Kota

胸騒ぎの恋人のKotaのレビュー・感想・評価

胸騒ぎの恋人(2010年製作の映画)
4.0
”唯一の真実は、愛の衝動だけ。”

タバコの煙。ストロボの光。マシュマロの雨。虚な赤、緑、黄、青、あぁ胸騒ぎが止まらない。同性愛者のフランシスと、彼の親友マリーが、ニコラという美しすぎる青年に恋をした。グザヴィエ・ドランの中でもかなり好きな今作を5年ぶりに再鑑賞。

二人が恋に落ちるまで、好きが止まらなくなるまで、そした恋が終わるまでが三章立てになっており、間には第三者が各々の恋愛観を語るシーンが挟まれる。この映画では直接的に二人がニコラを好きな事が最後の章までセリフに出てこない。けれどもありえない程のクローズアップと、ニコラを必ず真ん中にして揺れるように撮られるパンショットや引きのロングショット、そこに写る“無表情”や“苦笑い”が全てを物語る。
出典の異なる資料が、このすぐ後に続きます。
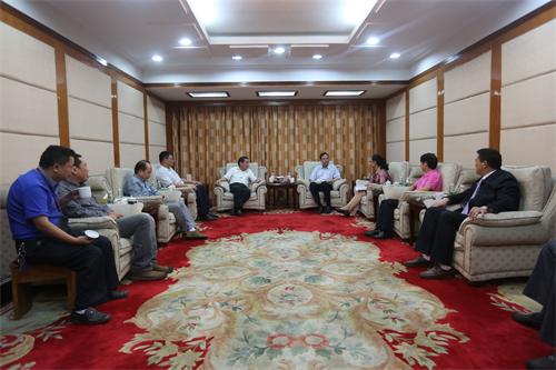 張寶文主席接見婁底盟員座談會現場。郭國權攝

当時20歳のグザヴィエ・ドランも、マリー役のモニア・ショクリも素晴らしい演技なんだけど、これはなんといってもニコラ役を演じたニールス・ジュネデールの一人勝ち。ルックスへの自意識の高さと、それを妖艶に利用して人を狂わせる能力、その全てを持ってしても尚溢れ出る魅力。最早、男女の壁など関係ないかのように見ている観客ですら恋に落とす程。(ドランの映画はほとんどそうだけど)同性愛者であるという事がその人間のたった一要素と言わんばかりに大きな障害なく異性愛者と同等に扱われる所も良い。

誰しも恋に落ちた時に感じる悦びと苦悩。自分の事ではないと分かっていても、繊細な感情表現と美しいカメラワークに心がズキズキする。